Browning questioned how many newspapers are able these days to do local market research, noting the expense involved with those projects. "I'm wondering," she said, "if there's an opportunity ... for publishers to be able to understand the digital marketplace and readership habits better on a local level."
Jansen said Google often gets approached about sharing information about people's habits and online usage, which quickly turns into a conversation about user privacy. But, he said he loves the concept of publishers forming an information consortium of some type where they could share their data anonymously and work together to better understand broader trends and patterns.
Gallaty questioned Jansen about the financial impact for Google with regard to news content. "We don't make money off of news," Jansen responded. When someone executes a news query and finds articles or content that they may be interested in, there are no ads on those pages, he said. "We do not put ads in the feed in the Google News app. So, we're not directly monitizing news content. That content still lives on the properties of the news publisher, and the monetization happens there."
He also said he believes it is a myth that Google's success is at the expense of news publishers when it comes to digital advertising. It's more complicated than that, he said. "So, yes, many, many news publishers use our digital advertising products to manage their digital ads business on our site; the vast majority are the direct campaigns that you are selling.

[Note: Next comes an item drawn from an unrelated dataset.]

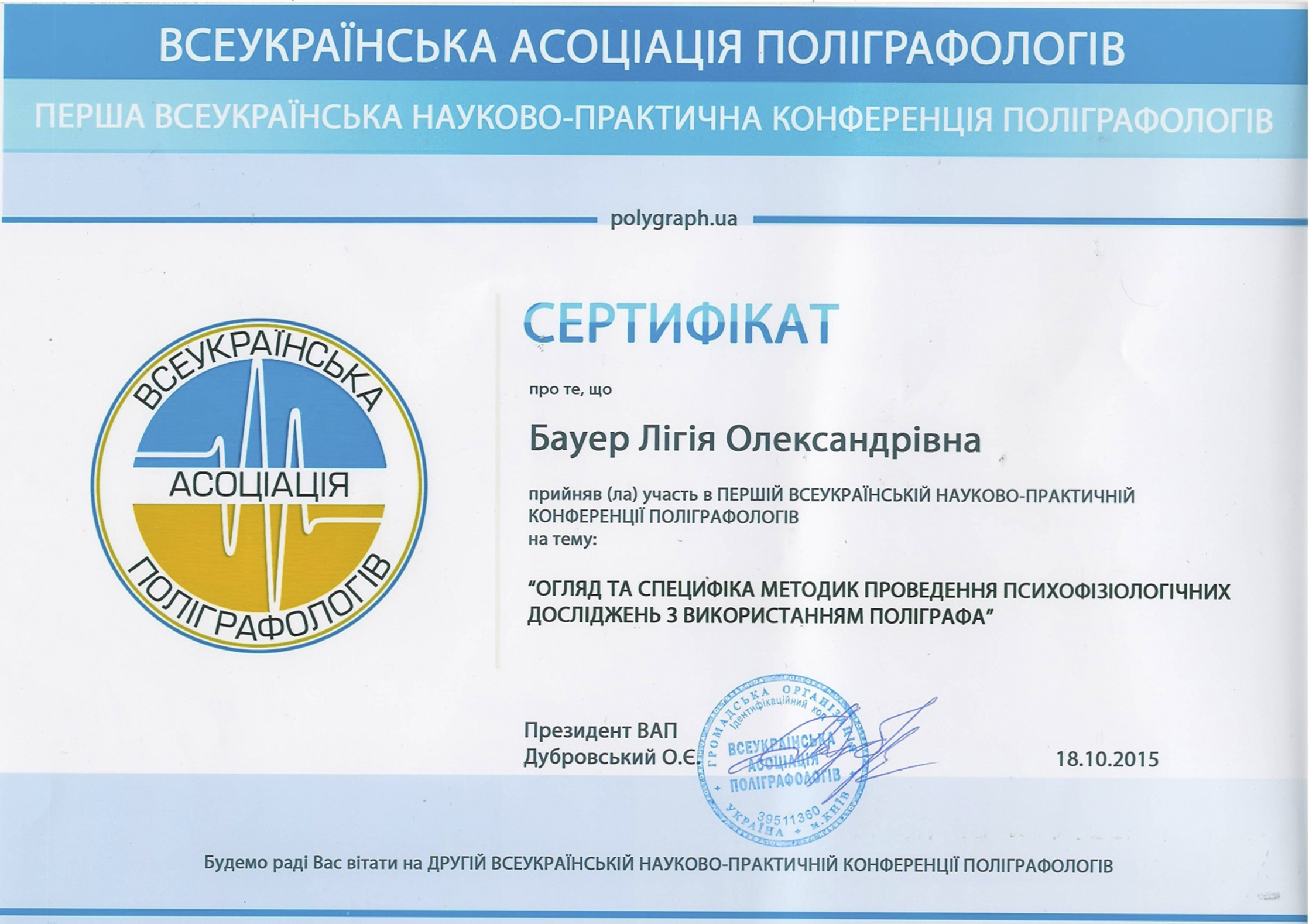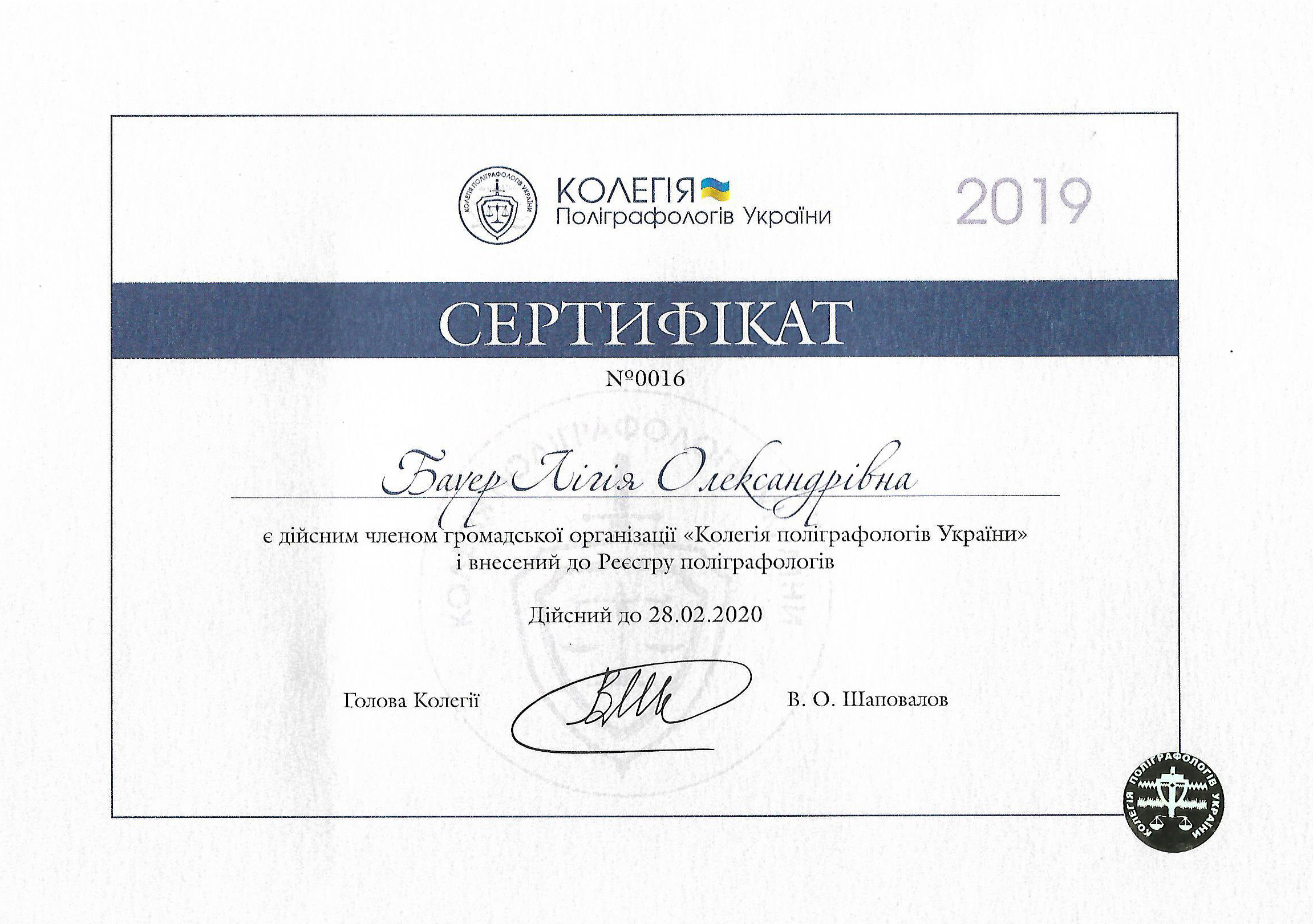 Володіє всіма методиками проведення перевірок, є членом ГО «Колегія поліграфологів України», членом Асоціації поліграфологів Великобританії. Детальніше в дипломах.
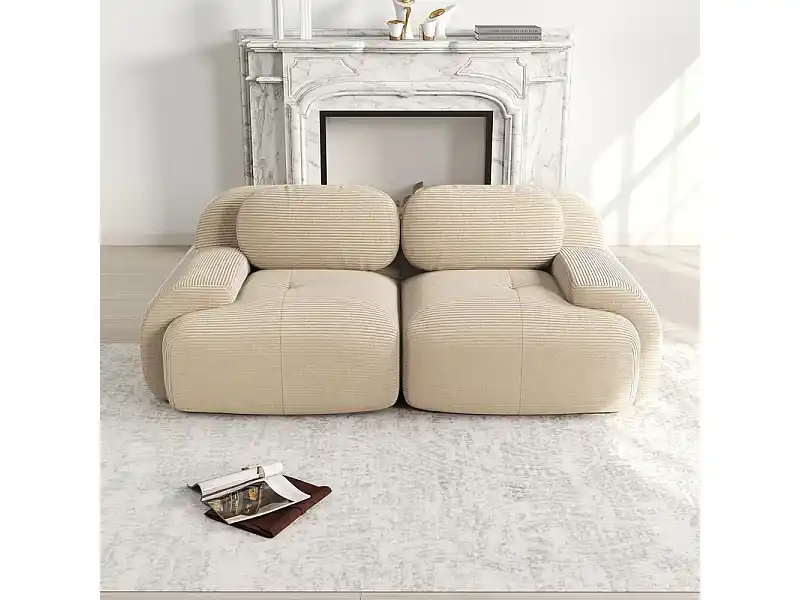 Neuheit Sofa 2-Sitzer Modular aus Rippvelours – mit 2 Kissen – 208x103x75cm – Beige

And, if you choose to use our products, sure — we charge a very, very tiny technology fee, just for serving the ads on the website."
While there are no ad units on Google News, Gallaty said a lot of news search happens on general Google search listings, where there are plenty of ad units. "So there is, I would think, a benefit to Google to attracting large audiences looking for top information on news and serving ads up against that."
Browning agreed that this is an area that needs to be further examined, as it's hard to distinguish between those two types of content. "Generally speaking, it's a Google world today," she said. "It would be great if we could define it better."
Two questions were posed to Jansen that were submitted in advance of the Mega-Conference from members of America's Newspapers.
Julie Anderson, executive editor of the Orlando Sentinel and Sun-Sentinel, asked: "Has Russia been able to completely block Google News and YouTube from disseminating independent news reports of the Ukraine invasion? What is Google doing about it?"
Jansen said Google is aware that some users in Russia have reported not being able to access Google News, but said Google is seeking a deeper answer to this question.
Baretta Taylor, advertising director of The Decatur (Alabama) Daily, asked: "What preparation strategies would you recommend for newspapers that are Google partners or that sell local digital advertising to replace or prepare for the upcoming elimination of Third-Party Cookies?"
Jansen said Google has lots of resources that can assist with this. He advised knowing your privacy strategy and ensuring that your staff has a good understanding of first-party cookies versus third-party cookies. "I think we sometimes make assumptions," he said, "that everybody has the same understanding about that at your organization."
While local publications may have readers who are outside their geolocation, local newspapers — in general — serve readers in their community.
He used the example of an advertiser who may have been able to identify people who are likely to buy a Land Rover within the next three weeks, using third-party data, and will no longer be able to do that. While your paper might be able to build that segment for your audience, if it winds up being only a few people, that doesn't provide real value. He encouraged newspaper staffs to think, instead, about broader audience strategies. "What can you tell your advertisers about their level of engagement with your content?"